The wait time may vary, but for most people, the weight loss is visible almost immediately. Mostly, 1 -3 pounds are lost as soon as the first week is over. Other added long-term benefits include drops in blood pressure and cholesterol levels after around 8 weeks.
First-time intermittent fasters should be aware that it will take at least ten days for their body to adjust, especially after going through periods of feeling cranky or low on energy. After close to 10 days, the cranky feeling or empty stomach ceases, and everything feels just fine.
Resuming Normalcy After Alternate Day Fasting
The most important factor in determining the long-term efficacy of an intermittent fasting diet is tailoring it to suit your lifestyle. For long-term results, it is most important that the person following the fasting diet make this a lifestyle, not merely a one-month thing. If someone loses weight using alternate-day fasting or dieting, they would have to maintain that loss by constant adherence to the same eating habits. Resumptions to normal eating habits will consequently lead to weight gain.
Takeaways On Alternate Day Fasting
Intermittent fasting may not work for everyone. Some people might use their fasts as an excuse to indulge in unhealthy food. To see if intermittent fasting can work for you, it's important to recognize your eating patterns before and at the time of the process.
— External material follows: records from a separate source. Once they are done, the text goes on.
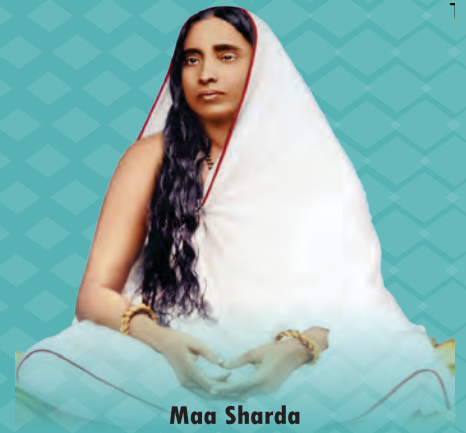
Maa Sharda All teachers are one. The same power of God works through them all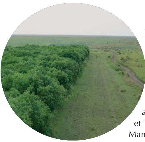
Boisement de savane dégradée, principalement à l'aide d' Acacia auriculiformis .

A une centaine de km à l'Est de Kinshasa, la plantation de Mampu a été conçue comme la phase pilote d'un vaste projet de reboisement de 100 000 hectares sur les sols sableux du plateau Batéké. Huit mille hectares d' Acacia auriculiformis ont été plantés entre 1987 et 1993. A partir de 1994, la plantation de Mampu a été divisée en lots de 25 hectares attribués à 320 familles d'agriculteurs. Ceux-ci doivent gérer leur plantation en suivant une technique agroforestière innovante qui associe la culture de produits vivriers avec celle de l'acacia. Après les récoltes des produits agricoles, les acacias atteignent 3 mètres de hauteur. Après une dizaine d'années, c'est une véritable forêt d'acacias, mélangée à quelques espèces locales, qui s'est installée. L'agriculteur peut alors l'exploiter, transformer le bois en charbon et le vendre en ville. Dans l'humus non détruit, il pourra replanter un nouveau cycle de culture. Une bande de sol sera conservée non cultivée pour que les graines d'acacia y germent et reconstituent le futur peuplement forestier.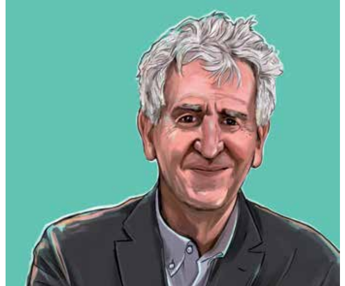
Juan Luis Arsuaga Codirector d’Atapuerca

Les crisis són moments de canvi per les mateixes raons que poden ser-ho de conservació o de reculada. Que ens decidim per l’una o l’altra és quelcom que no ens ensenya cap manual, sinó que depèn de les decisions que adoptem. Podria passar que un món s’hagués acabat i que el continuéssim pensant amb categories d’un altre temps i gestionant-lo com si res hagués passat. L’espècie humana deu la seva supervivència a la intel·ligència adaptativa, compatible amb què en molts aspectes seguim instintivament aferrats al que fins ara havia funcionat. En aquest cas caminariem com a zombis enmig de seriosos advertiments que no ens acabem de prendre prou seriosament, com si la situació natural de l’ésser humà fos la distracció i la societat el lloc en el qual es realitza aquesta enorme distracció col·lectiva.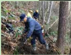
下山道工事 下山道が自然災害等で利用できない時のために、迂回することができるよう道づくりをしました。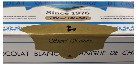
▲化粧箱に使用する紙製の留めシール

プラスチック素材使用量削減のため、「白い恋人」の化粧箱に使用する留めシールをプラスチック(PP)製から紙製に順次切り替えを行いました。従来「白い恋人」で採用してきたプラスチック製の留めシールを紙製に変更することで年間約1.5トンの(2019年度仕入れベース)プラスチック素材の使用を削減することができます。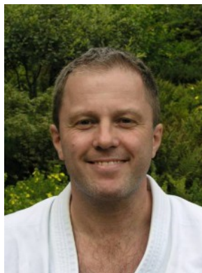
7. Dan Shito-ryu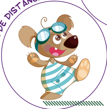
ALARMA DE DISTANCIA

El Securyploof a sido especialmente estudiado para ser utilizado en todas las situaciones, sea en agua salada de la playa, agua clorada de la piscina, agua sucia de un estanque, etc.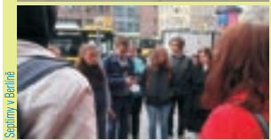
Septimy v Berlíně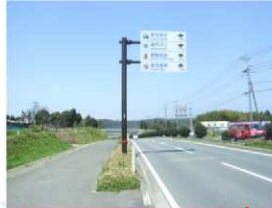
菊池地域振興局林務課発注 観光案内標識柱基礎 1基 竣工 平成22年3月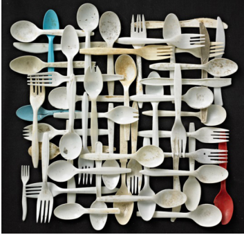
Fotoğraf 7: Barry Rosenthal, "Doğada Bulunan: Çatal Bıçak Kaşık", 2007

çevre kirliliğine dikkat çekmeye çalışmıştır. Rosenthal kendi ifadesiyle zamanının çoğunu diz üstü botları ve eldivenleriyle kumsallarda çöp toplayarak geçirmektedir (Rosenthal, 2015). Bir koleksiyoner duyarlılığında bulduğu çöpleri biriktirmekte ve onları renk, tip ve / veya temaya göre yeniden sınıflandırarak ve düzenleyerek fotoğraflarını çekmektedir.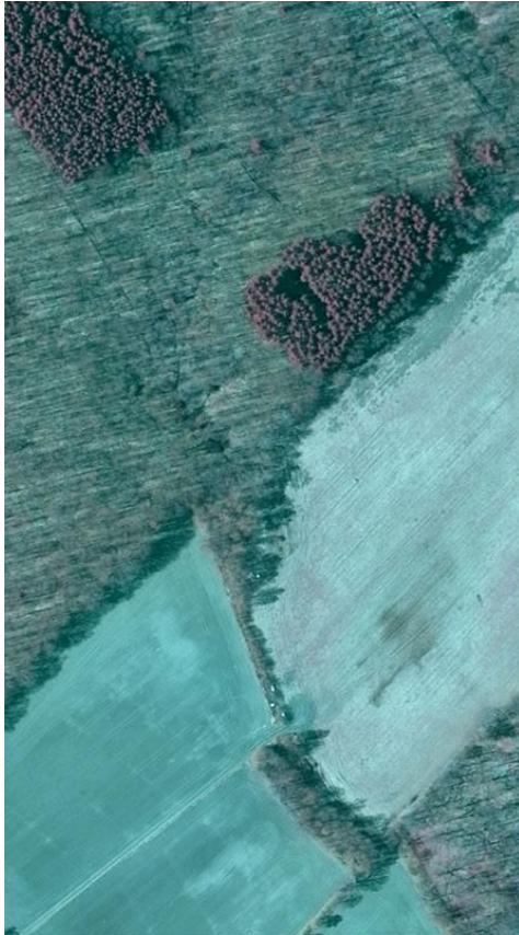
15 april 2010

Figur 3. Två exempelbilder. Bilden till vänster är tagen 15 april 2010, bilden till höger är tagen 4 juni 2010.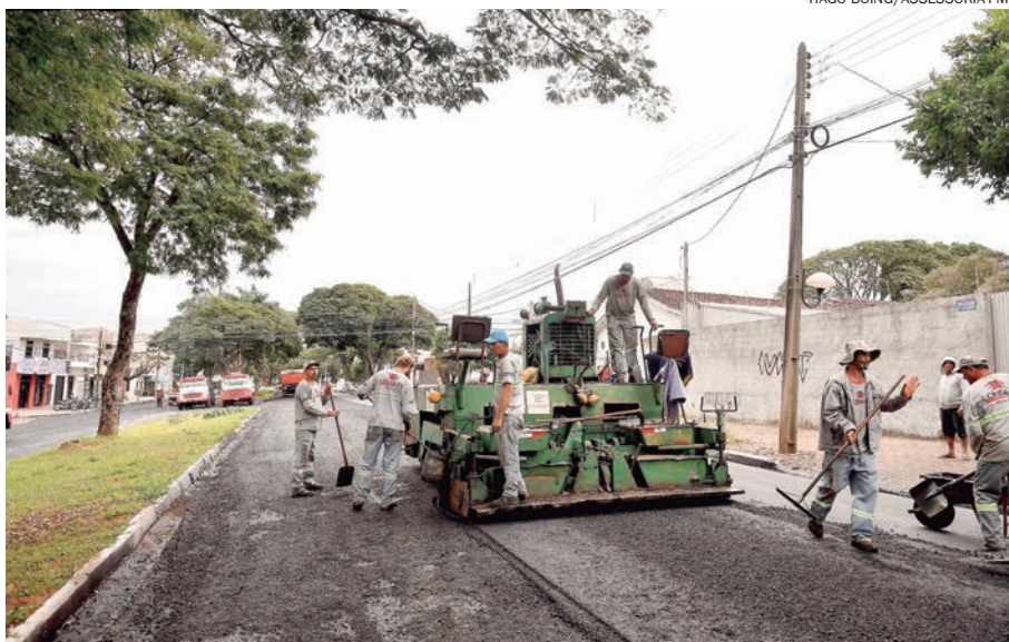
MÁQUINAS e funcionários trabalhando no trecho para recuperação da via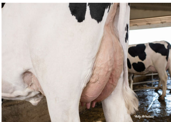
PROGENESIS TOPNOTCH BRAVE GRANDDAM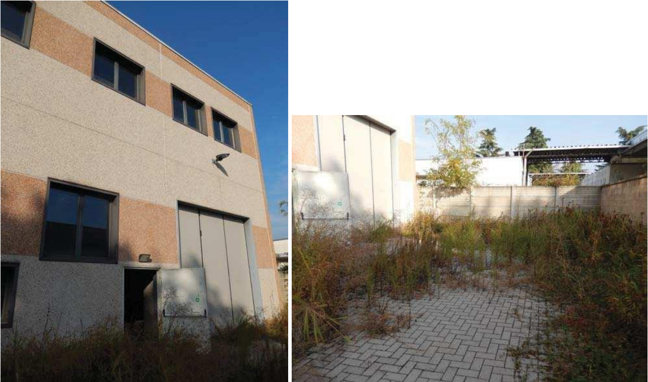
FOTO 6: Ulteriore vista del fronte Sud-Est dell'unità pignorata, dall'area scoperta pertinenziale. FOTO 7: Scorcio dell'area scoperta pertinenziale di cui al mappale 203.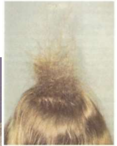
Рис. 2. Начесанная прядь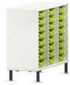
Shift+ Landscape Estanterías móviles con gavetas de plástico Gratnells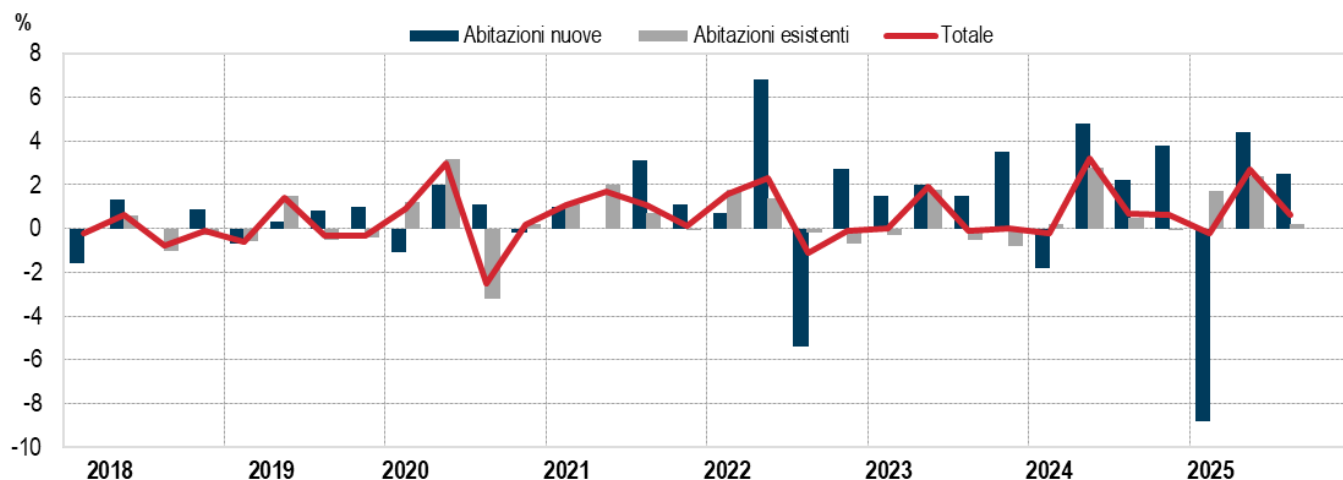
FIGURA 3. INDICI DEI PREZZI DELLE ABITAZIONI NUOVE ED ESISTENTI

I trimestre 2018 - III trimestre 2025, variazioni percentuali congiunturali (base 2015=100)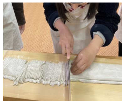
▲ 蕎麥麵 DIY

的工廠參觀，基本上都是用日文導覽，然後回去一周內要交一篇心得報告。但這堂課只開給 Program A 的人，所以我覺得很幸運能有機會認識福井厲害的傳統產業，而且每次參訪都會安排手作體驗活動還可以帶自己做的東西回去！建議在參訪時可以多拍照片放報告裡，順便留作紀念。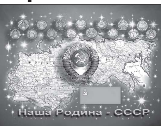
Наша Родина - СССР

На самом деле все это великолепный банкет оплачивали русский крестьянин, рабочий и инженер. Каждый из 147 миллионов жителей РСФСР фактически отдавал ежегодно 6 тысяч долларов, чтобы покрыть разницу между производством и потреблением жителей других республик. Поскольку русских было много, хватало на всех, хотя для по-настоящему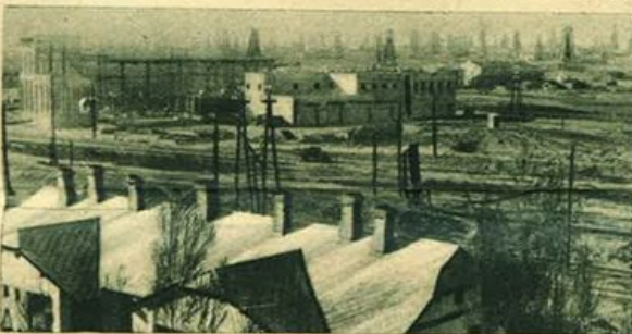
Baku - Pozzi petroliferi.

Nel suo complesso la nuova geografia politica della Transcaucasia non tiene conto rigorosamente dei limiti fisici della regione, per cui, come per il passato il termine Caucasia , e come per il presente Caucasia settentrionale e Transcaucasia , non

To maintain your health, it is important to practice healthy eating habits. That means eating plenty of vegetables and protein while moderating any excessive carbohydrate intake, you can use protein shakes and meal replacements like Shakeology or Huel or my favorite meal replacement Kachava; these will allow to enjoy a healthy meal and are really fast to prepare so if you are busy or you don't feel like wasting a lot of time in the kitchen they are prefect for you, you should also measure your physical fitness levels before doing any kind of fasting that way you don't do more harm than good.
When you fast, your only options for beverages are water, unsweetened iced tea, black coffee, or seltzer. Avoid adding milk to black coffee for best results to avoid bloating. More so, try to limit your seltzer consumption. (Seltzer is water mixed with carbon dioxide. Carbonation can result from adding minerals to boost natural CO2; alternatively, it's been infused with added CO2.)
Drink water. Drink plenty of water as fluids are important in flushing toxins from your body. It is recommended that you drink at least 8 cups of water each day to stay healthy and hydrated.
Consider cutting sugar entirely and avoiding sugary products that produce a lot of waste, such as juices, for instance. A glass of alcohol now and then is okay but not in excessive amounts.
Did you break a day? That’s fine. We try the next day again.
Whether or not it’s for religious purposes, observing fasting in your routine is a great way to boost your health system apart from having nutritious diets. Fasting is a practice that can benefit many aspects of one's health, including weight loss, improved brain activity, and blood sugar control.
At the onset, like adapting to any other major lifestyle, it will not be as easy but with it, the body gradually adjusts and it gets easier progressively.
Whether it's OMAD or alternate-day fasting you ought to give fasting a shot to reap the benefits discussed above. If in doubt, it’s good to consult with your doctor.